Labelled "Fort" on the Fair Plan, the historical mapping document used to record land divisions in nineteenth-century Ireland, it appears on the 1838 edition of the Ordnance Survey six-inch map as a small subcircular enclosure, roughly fifteen metres across on its northwest to southeast axis. That kind of enclosure, typically a raised earthen ringfort or its levelled remains, was once common across the Irish countryside, serving as a farmstead boundary in the early medieval period. This one, however, had already begun its quiet disappearance long before anyone thought to look closely.

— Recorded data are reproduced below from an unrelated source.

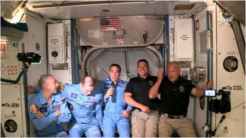 騰訊科技訊(喬輝)北京時間 6 月 1 日凌晨 1 點 23 分左右,搭乘 SpaceX 龍飛船的兩位美國宇航員先后進入國際空間站,與等待在那里的宇航員會面。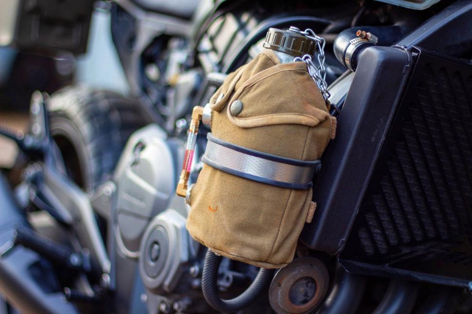 Мы срезали дно бака Hornet и приварили к верху бака CX, установили стеклянную шкалу уровня топлива, потом вварили в бак CX горловину от Hornet для более утилитарного вида и чтобы сохранить замок под ключ. Затем - кастомный задний подрамник, маленький и симпатичный, но достаточно вместительный для аккумулятора, мозгов ABS, датчиков и электрики. Поверх него - кастомное сиденье с перфорированным винилом под стать грипсам Progrip и передней перфорированной табличке. Диодная фара на ней - от Jeep Wrangler JK на кастомном креплении, там же - цифровой спидометр Koso. Поворотники Koso в торцы руля установлены на руль для супербайка от ABM. Резервуар охлаждающей жидкости мы сделали из настоящей французской армейской фляжки образца 1941 года. Цельный задний свет производства Shin Yo, плюс дополнительный свет на крепления кофров для лучшей видимости, потому что с надетыми кофрами основной задний свет прячется за ними. Кстати, о кофрах - это настоящие армейские боксы Британской армии. Съёмные.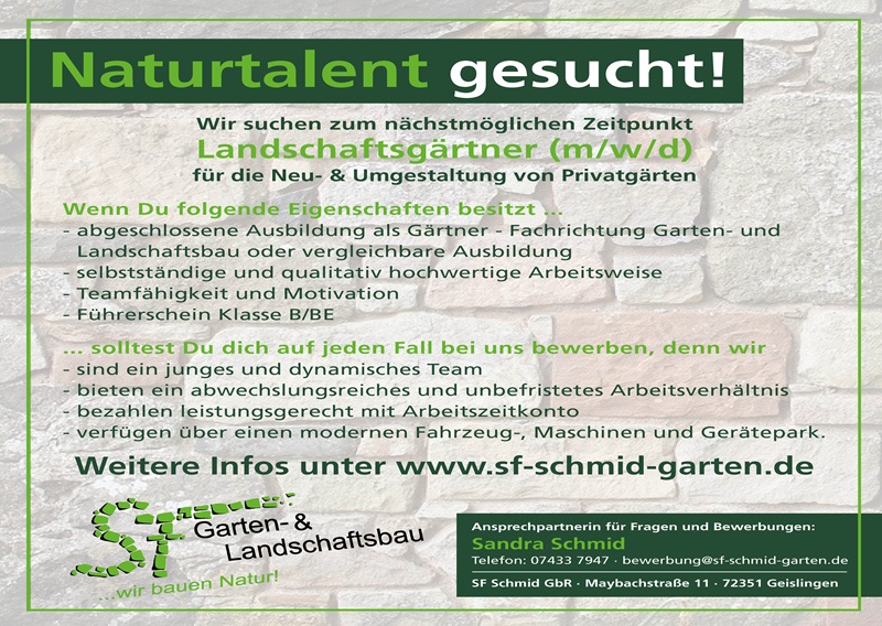 Wir sind seit 2011 anerkannter Ausbildungsbetrieb in diesem Bereich und können dir das Fachwissen und die kleinen Tipps und Tricks des Landschaftsbaus vermitteln! Eigenverantwortung, ein tolles Team und natürlich auch eine angemessene Entlohnung sind bei uns garantiert! Wenn du Teil unseres Teams werden möchtest, bewirb dich einfach direkt über das Online-Bewerbungsformular und erzähl uns, warum du zu uns passt! Wir freuen uns auf dich!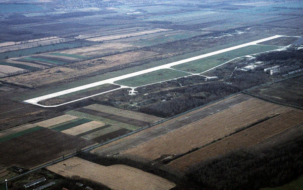Военный аэродром существовал на этом месте уже с 1940-х годов. В 1950-х здесь размещался венгерский военный аэродром. В 1960—1990 годах — советский военный аэродром. Имеющаяся бетонная Взлётно-посадочная полоса длиной 2 тыс. 500 м была построена в 1982 году.
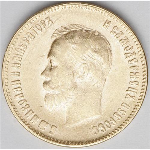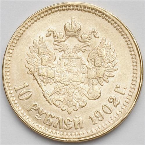 <B>Nicholas II. gold 10 Roubles 1902-AP,</B></I> Bit-10, Uzd-343, AU with light obverse abrasions.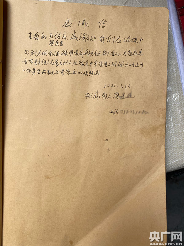 病人家屬手寫的感謝信(央廣網(wǎng)記者 謝元森 攝)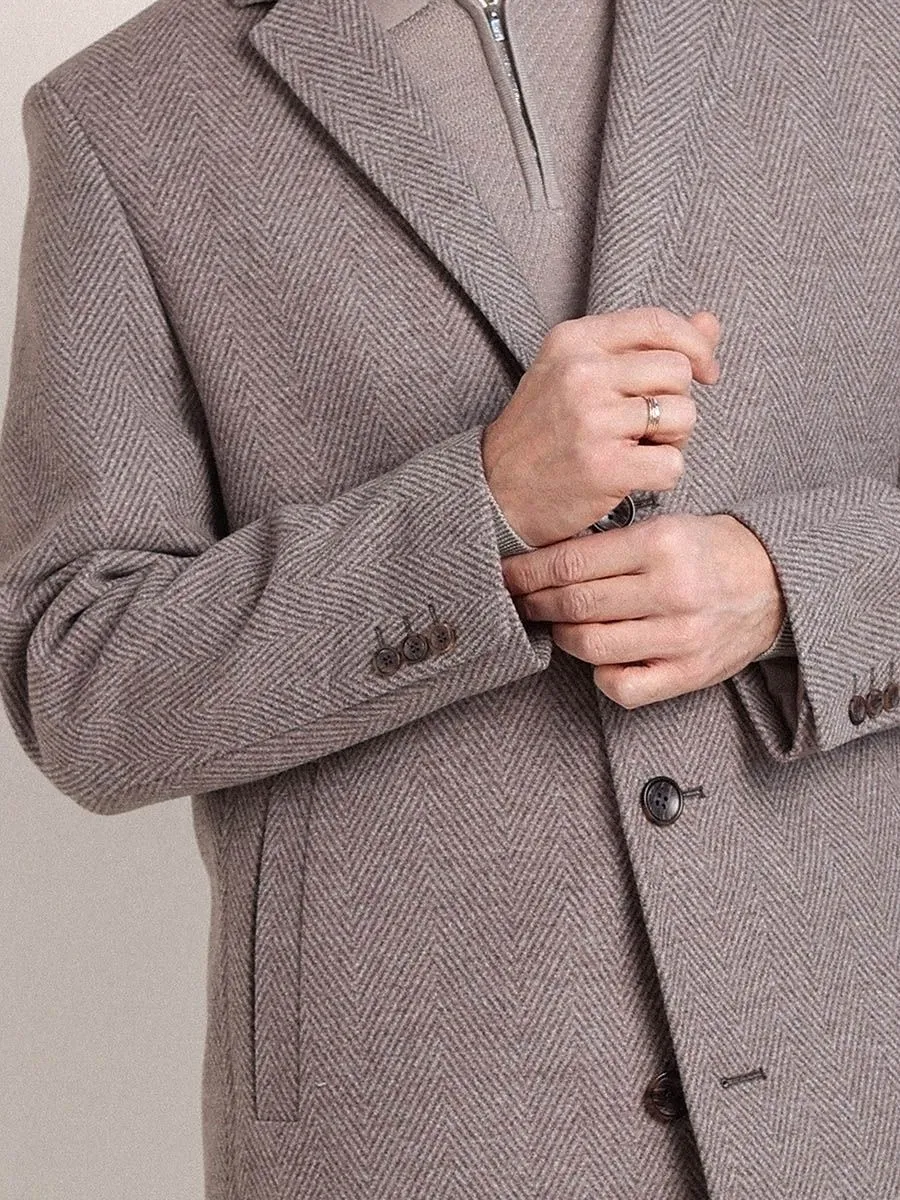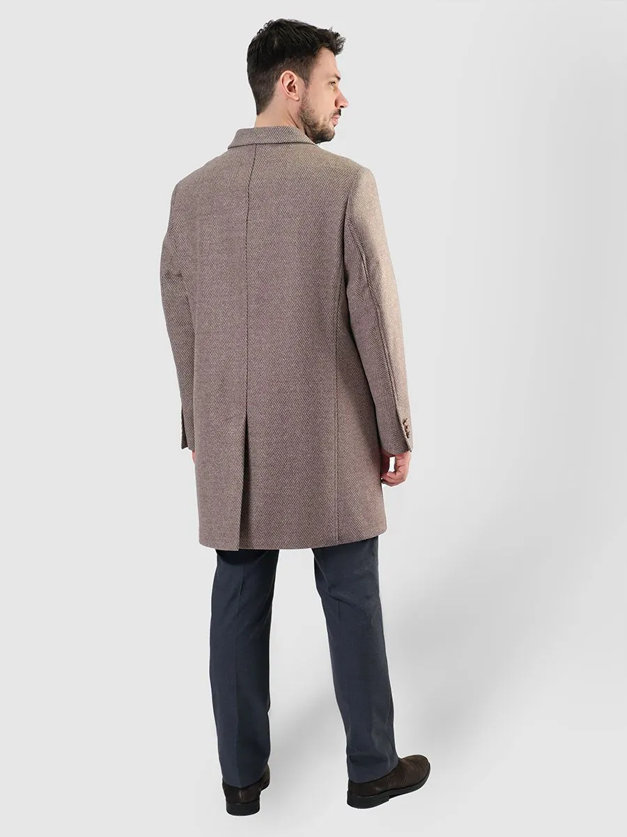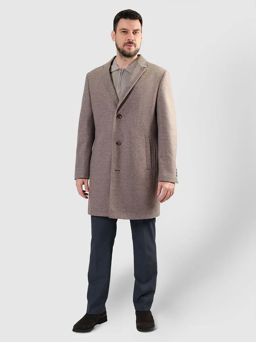 Бежевое мужское пальто с рисунком "елочка" – это беспроигрышный вариант для создания элегантного и одновременно непринужденного образа. Он прекрасно сочетается с широкой палитрой цветов, от глубоких оттенков синего и бордового до светлых тонов серого и белого. Узор "елочка", в свою очередь, добавляет текстуры и глубины, делая пальто более интересным и визуально привлекательным. Это классический мотив, который никогда не выходит из моды и придает образу респектабельности.Оверсайз фасон пальто подчеркивает современный взгляд на мужской стиль. Свободный крой не только обеспечивает комфорт, но и позволяет экспериментировать с многослойностью в одежде. Под такое пальто легко надеть толстый свитер или пиджак, не ощущая при этом скованности. Это идеальный вариант для тех, кто ценит свободу движений и практичность в повседневной жизни.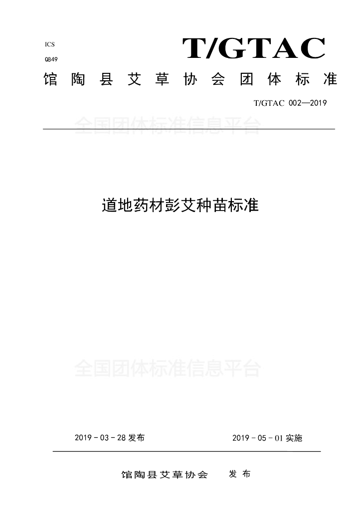 T/GTAC 002-2019 道地药材彭艾种苗标准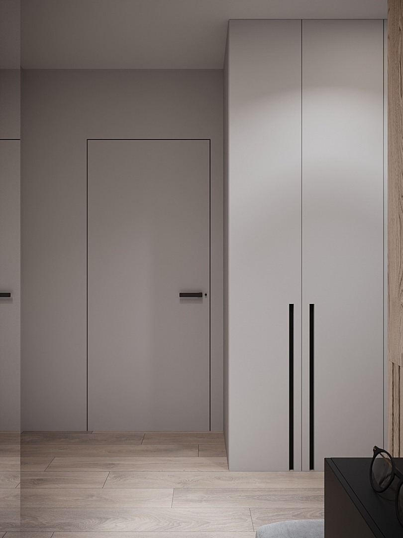Скрытые двери, обилие белого цвета, трековый свет: проект в минимализме для ценителей современных интерьеров.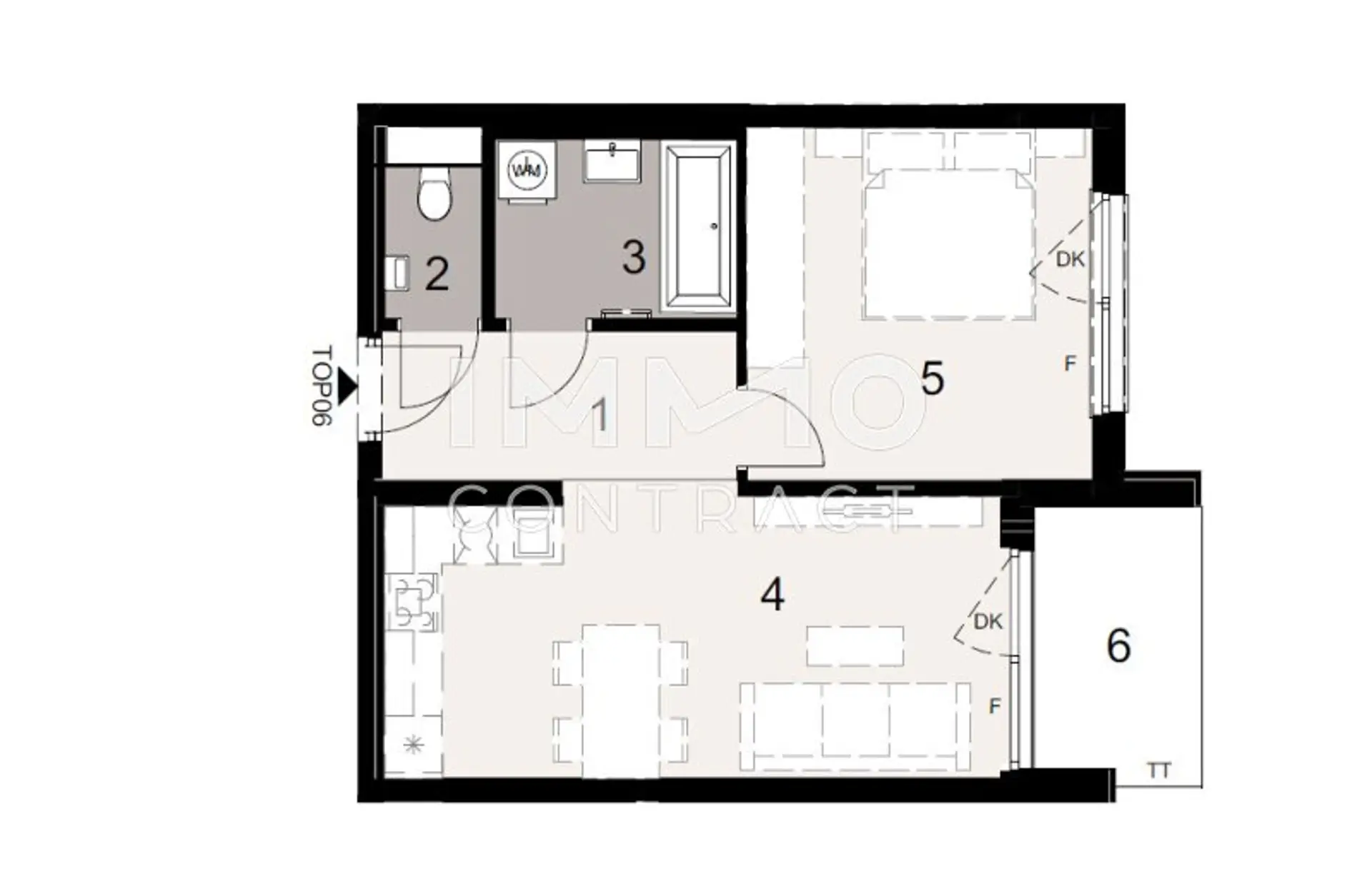 Der offene Wohn-Essbereich mit moderner Küche lädt zum Verweilen ein und öffnet sich auf die gemütliche Loggia – perfekt für den ersten Kaffee am Morgen oder einen ruhigen Abend im Freien. Das Schlafzimmer bietet ausreichend Platz und sorgt mit seinem klaren Schnitt für ein harmonisches Wohngefühl.

By the time an inspection was carried out in July 1984, the enclosure itself had gone. What remained was a wide fosse, a ditch that would originally have run around the perimeter of the structure, curving from west to north to southeast and measuring around ten metres across. The road running northwest to southeast had clipped the site, cutting across it from west to south and removing whatever once stood in its path. A field boundary running roughly north to south had bisected what was left, splitting the fosse and making the original form of the site difficult to read. Aerial imagery from 2019 shows that this later field boundary has since been removed, which at least restores a clearer view of the surviving earthwork from above, even if the ground itself holds only a fraction of what was once there.